**Exercise details:**
Going through the data below, please show each line containing the string "with".

**Provided records:**

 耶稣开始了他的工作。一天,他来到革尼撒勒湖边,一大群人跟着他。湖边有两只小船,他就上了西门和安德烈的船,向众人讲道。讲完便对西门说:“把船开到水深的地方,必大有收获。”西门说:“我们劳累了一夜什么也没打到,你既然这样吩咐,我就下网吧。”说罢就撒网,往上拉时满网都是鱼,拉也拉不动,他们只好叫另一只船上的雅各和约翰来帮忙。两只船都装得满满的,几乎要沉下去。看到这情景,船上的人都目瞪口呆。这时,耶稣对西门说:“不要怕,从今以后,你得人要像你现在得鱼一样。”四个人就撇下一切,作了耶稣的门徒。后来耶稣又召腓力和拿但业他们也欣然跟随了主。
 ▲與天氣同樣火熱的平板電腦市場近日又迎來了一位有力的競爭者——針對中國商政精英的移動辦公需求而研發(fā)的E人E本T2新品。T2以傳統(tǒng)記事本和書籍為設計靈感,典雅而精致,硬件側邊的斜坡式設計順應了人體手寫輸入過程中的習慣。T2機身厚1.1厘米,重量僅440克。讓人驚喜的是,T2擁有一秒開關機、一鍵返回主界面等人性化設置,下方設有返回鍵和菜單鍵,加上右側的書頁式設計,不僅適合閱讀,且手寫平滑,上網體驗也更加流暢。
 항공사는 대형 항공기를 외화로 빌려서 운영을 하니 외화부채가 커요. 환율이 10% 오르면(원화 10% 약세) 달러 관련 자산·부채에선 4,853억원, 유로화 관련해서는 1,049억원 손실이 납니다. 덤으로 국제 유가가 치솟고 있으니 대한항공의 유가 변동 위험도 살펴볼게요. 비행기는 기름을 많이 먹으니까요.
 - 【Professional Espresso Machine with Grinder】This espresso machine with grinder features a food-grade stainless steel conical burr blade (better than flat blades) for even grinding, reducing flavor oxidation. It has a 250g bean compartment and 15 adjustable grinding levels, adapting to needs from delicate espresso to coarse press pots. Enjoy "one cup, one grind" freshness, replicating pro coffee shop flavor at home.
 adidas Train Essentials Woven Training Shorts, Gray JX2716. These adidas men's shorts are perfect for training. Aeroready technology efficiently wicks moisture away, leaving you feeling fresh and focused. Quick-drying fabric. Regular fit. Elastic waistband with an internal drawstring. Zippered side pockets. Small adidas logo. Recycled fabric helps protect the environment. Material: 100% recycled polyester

**Exercise output:**
 - 【Professional Espresso Machine with Grinder】This espresso machine with grinder features a food-grade stainless steel conical burr blade (better than flat blades) for even grinding, reducing flavor oxidation. It has a 250g bean compartment and 15 adjustable grinding levels, adapting to needs from delicate espresso to coarse press pots. Enjoy "one cup, one grind" freshness, replicating pro coffee shop flavor at home.
 adidas Train Essentials Woven Training Shorts, Gray JX2716. These adidas men's shorts are perfect for training. Aeroready technology efficiently wicks moisture away, leaving you feeling fresh and focused. Quick-drying fabric. Regular fit. Elastic waistband with an internal drawstring. Zippered side pockets. Small adidas logo. Recycled fabric helps protect the environment. Material: 100% recycled polyester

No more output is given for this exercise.